If your budgie is pecking you often, it may not be that he's temperamental or angry. He's probably just trying to defend himself, unaware that you have the best of intentions. Budgies rarely attack unprovoked, and there are several reasons your pet might be agitated enough to bite.
Budgies can become highly territorial, biting and nipping at anyone who dares encroach on their cages or play areas. They may also be possessive, guarding a toy or object of interest by pecking at prying fingers. Birds can become especially territorial if they are cage-bound, or left inside their cages for too long with little interaction. So make sure your budgie spends plenty of time with you outside his cage.
Defensiveness and Fear
Budgies also tend to bite out of fear. If a budgie is cornered, held too tightly, poked at or teased, he will peck in response. To avoid getting pecked for this reason, make sure you gain your budgie's trust before trying to handle him. If you start trying to pick your budgie up or hand-train him before he's come to see you as a flock mate, he might see you as a threat and start to peck.
Budgies who don't spend much time with people will be especially frightened by human attempts to interact. For instance, if you have more than one budgie and they spend all their time together, they might get so used to each other that they come to fear you.

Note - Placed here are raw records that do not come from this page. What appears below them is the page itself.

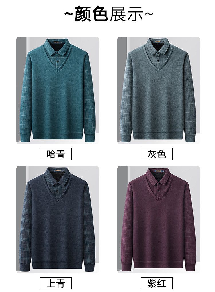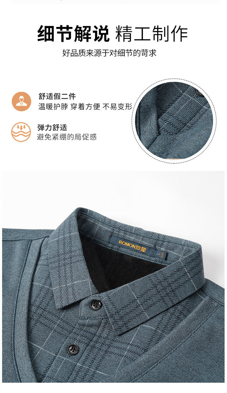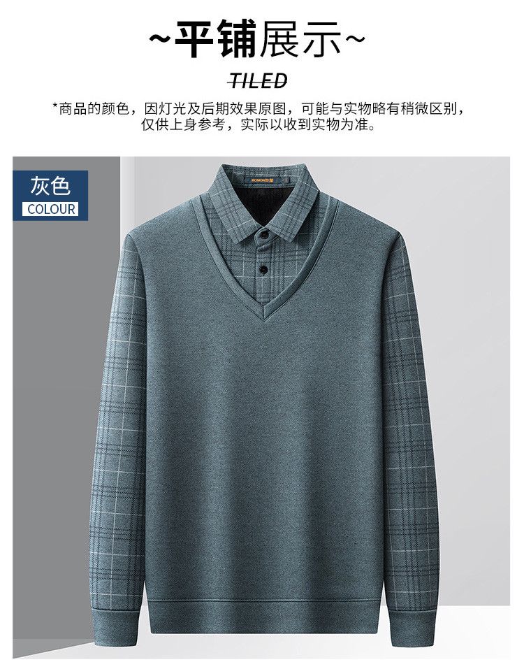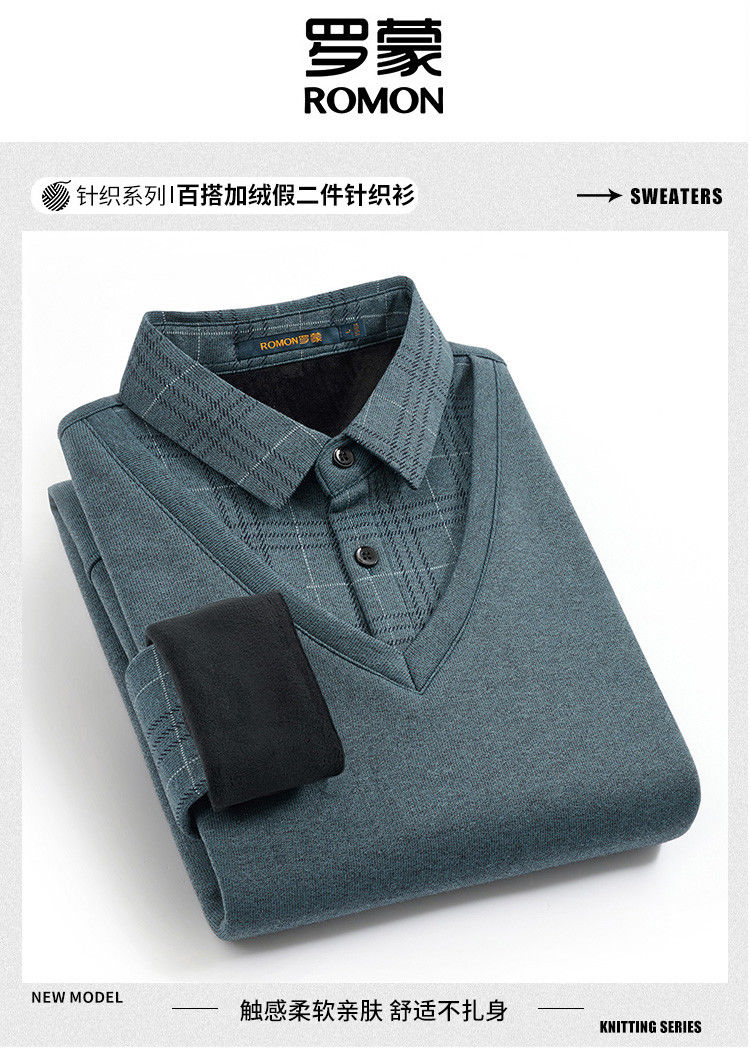【加绒加厚】罗蒙秋冬男装加绒加厚衬衫领假两件慵懒毛衣男冬季针织衫
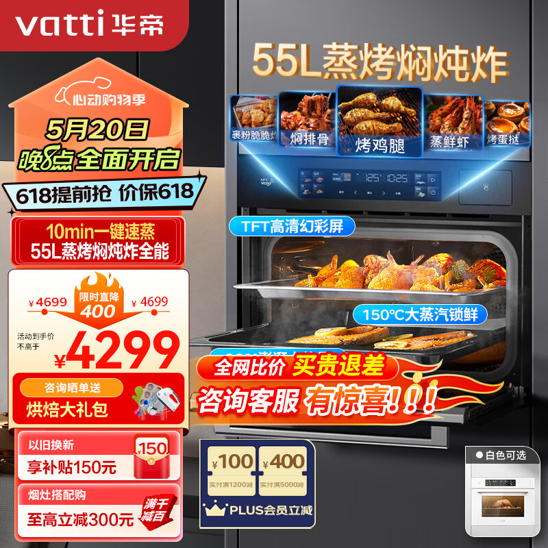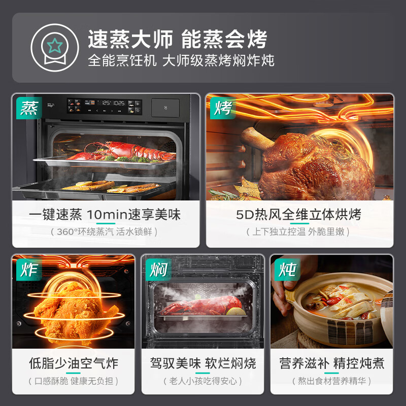 华帝(VATTI)55L蒸烤箱一体机嵌入式家用蒸烤炖炸大热风大容量一键速蒸搪瓷内胆蒸箱烤箱 i23025 V5价格:4699.00元!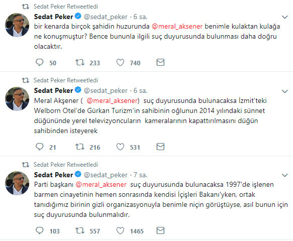 Peker paylaşımlarının devamında “Meral Akşener suç duyurusunda bulunacaksa İzmit'teki Welborn Otel'de Gürkan Turizm'in sahibinin oğlunun 2014 yılındaki sünnet düğününde yerel televizyoncuların kameralarının kapattırılmasını düğün sahibinden isteyerek bir kenarda birçok şahidin huzurunda benimle kulaktan kulağa ne konuşmuştur? Bence bununla ilgili suç duyurusunda bulunması daha doğru olacaktır” ifadelerini kullandı.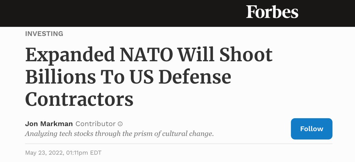 Exciting new development in the struggle to defend democracy from autocracy: according to Forbes, an "Expanded NATO Will Shoot Billions To US Defense Contractors." #SlavaRaytheon forbes.com/sites/jonmarkm…

When this is the case, budgies may try to peck you away whenever you handle them, even after months of ownership. To avoid this problem, spend one-on-one time training each bird separately before joining them in one cage.
If you're handling your budgie too much, he might get annoyed and peck you. This can happen if you overtrain a parakeet and start to fatigue him. Forcing your budgie to climb onto your finger too many times in a row, holding a budgie in your hand until his patience runs out, or chasing after a budgie that has flown away from you can all get you pecked. While it's good to spend time with your budgie, give him some space when he starts to get cranky.